# Commonwealth Apps



## DukesMW (21 Oct 2010)

Hi guys,

I apologise in advance if this has been covered 10 million times on the forum!

Basically I'm from England. Born and bred, 20 years old now. Not a huge fan of the place to be honest, it's alright but I'd rather move on to pastures new and all that.

The British Army accepts Commonwealth applications - in fact my friend who recently joined the infantry had a platoon that had four South Africans and two Aussies in it. They didn't have a hard time getting in really.

I wondered what the deal is with Commonwealth apps to the Canadian Forces? Probably difficult! I'm an IT technician at the minute.

Many thanks in advance!


----------



## Fiera (23 Oct 2010)

> I would like to join the Canadian Forces. What are the basic requirements?
> 
> You must meet the following minimal conditions: *be a Canadian citizen*; be at least 17 years of age (16 for the Reserves and Military College) with parental/guardian consent for minors; have successfully completed Grade 10 (Sec III in Quebec); some entry programs have additional academic prerequisites.

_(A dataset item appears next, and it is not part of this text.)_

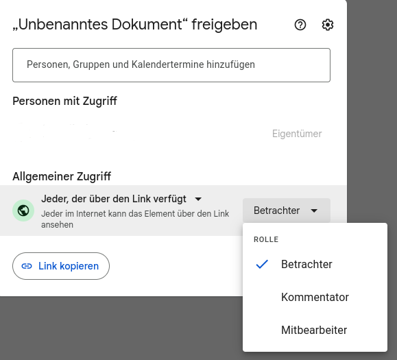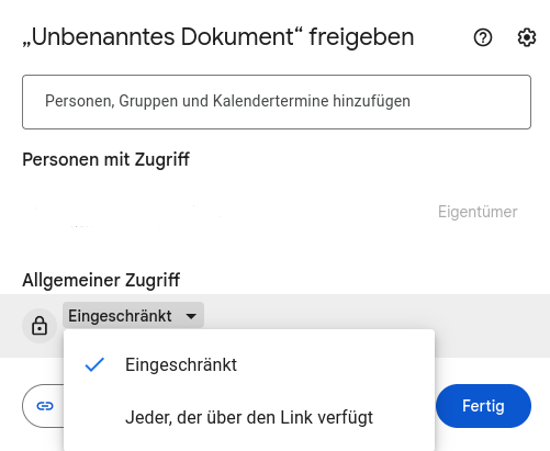 Wählen Sie unter „allgemeiner Zugriff“ die Option „Jeder, der über den Link verfügt“.

http://www.forces.ca/en/page/faq-101#joining-1


----------



## Chilme (30 Oct 2010)

DukesMW,

I would certainly speak with a recruiter.  The recruiters on Forces.ca are at the CF Recruiting Group HQ in Borden and are very knowledgeable.  They can give you a better whole picture response vs a local recruiter who may not have as much info outside their area.


----------



## SevenSixTwo (5 Nov 2010)

DukesMW said:
			
		

> Hi guys,
> 
> I apologise in advance if this has been covered 10 million times on the forum!
> 
> ...




Sorry for replying to this thread I just wanted to fix one misconception. The British Army does not accept Commonwealth applications they accept applications from those BORN in a Commonwealth country. Which means, even if you are a citizen of a commonwealth country you cannot join the British army unless you were born in a commonwealth country.


EDIT: Information is outdated look below at my other post.


----------



## Neill McKay (5 Nov 2010)

SevenSixTwo said:
			
		

> Sorry for replying to this thread I just wanted to fix one misconception. The British Army does not accept Commonwealth applications they accept applications from those BORN in a Commonwealth country. Which means, even if you are a citizen of a commonwealth country you cannot join the British army unless you were born in a commonwealth country.

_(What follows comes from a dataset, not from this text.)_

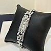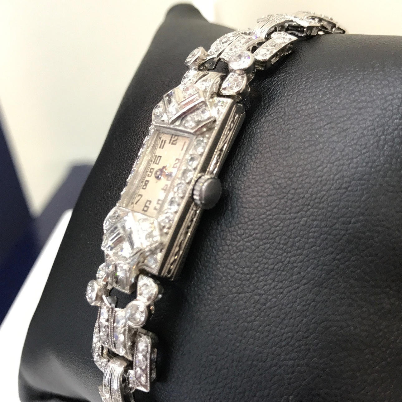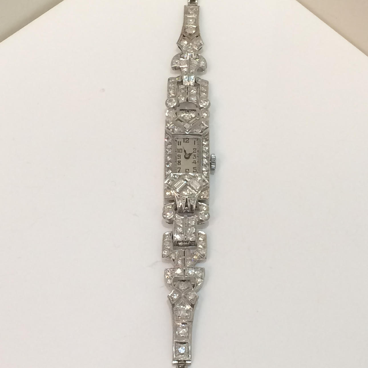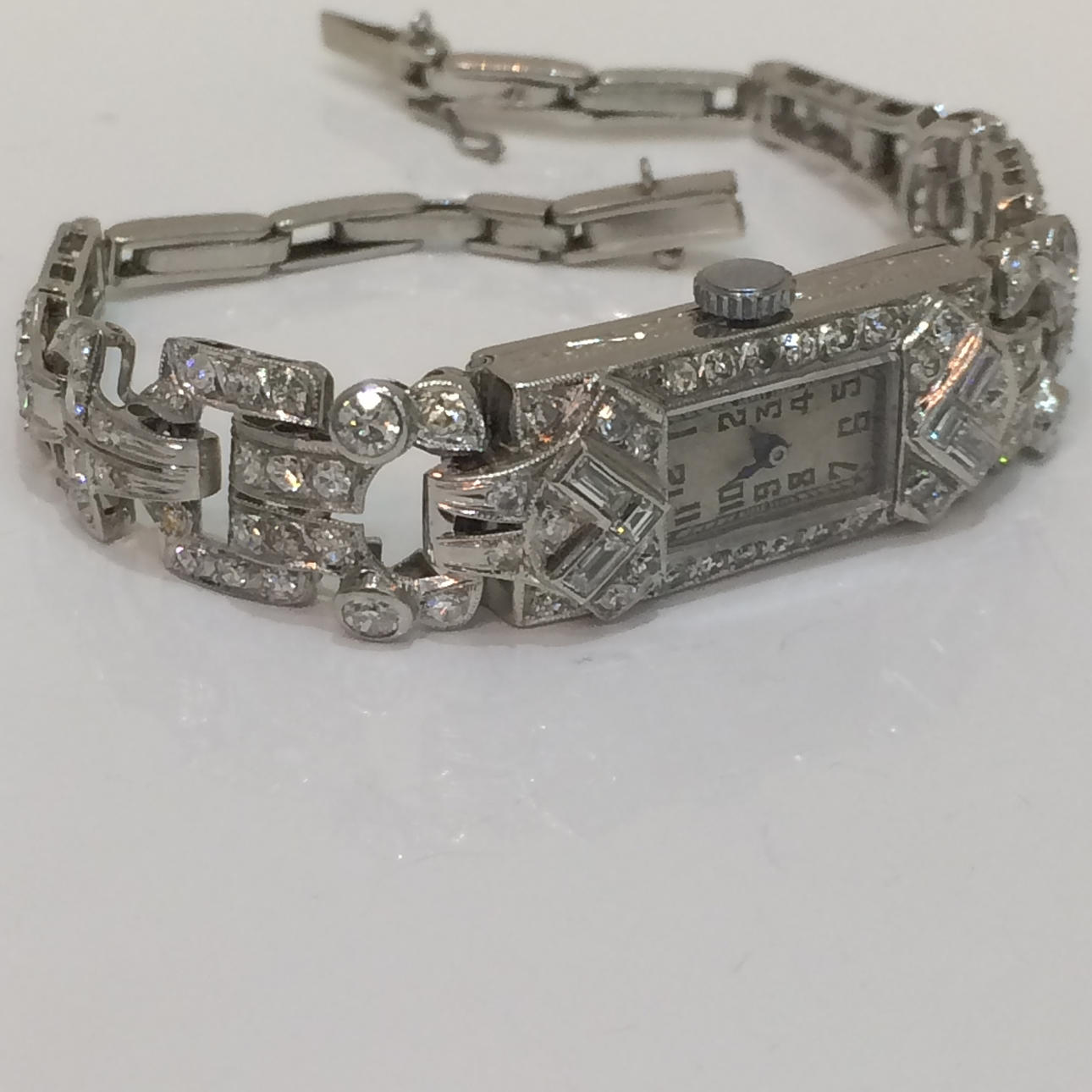 Klockan är art deco och är inställd med en blandning av runda åttkantslipade diamanter, fyra gammalslipade diamanter och sex baguetteslipade diamanter.

And must you also have lived in the Commonwealth for all of your life up to that point?  (I understand that to have been the case in the 1990s.)


----------



## SevenSixTwo (5 Nov 2010)

N. McKay said:
			
		

> And must you also have lived in the Commonwealth for all of your life up to that point?  (I understand that to have been the case in the 1990s.)



Sorry, it appears I was wrong in my other post. I talked to a recruiter online just to get my facts straight and they said a UK, Irish or commonwealth citizen. It doesn't matter if you weren't born in the commonwealth country and it doesn't matter if you didn't live in that commonwealth country as long as you have a citizenship.


----------



## British Army (5 Nov 2010)

DukesMW said:
			
		

> Hi guys,
> 
> I apologise in advance if this has been covered 10 million times on the forum!
> 
> ...



This was given to me by a CF recruiter during a live chat on forces.ca back in March 2009. I would imagine that the guide is still extant. Based on a recent conversation I had with my recruiting Captain, I would say that you have no chance whatsoever of being considered for enrolment until at least April 2011. In addition, unless you're already serving in the British forces it's almost guaranteed the CF will tell you to not bother applying until you've gained Permanent Residency (PR).  I know this is not what you want to hear and I sympathise, however, it's the reality of the current situation in terms of the CFs buoyant manning and retention.


----------



## Kiwi99 (7 Nov 2010)

I served in the NZ Army for 5 years before applying to join the CF.  I was lucky, having citizenship through my father.  However, without citizenship, even though NZ is a Commonwealth country and I had already served there, no citizenship or Perm Residence in Canada meant no applying.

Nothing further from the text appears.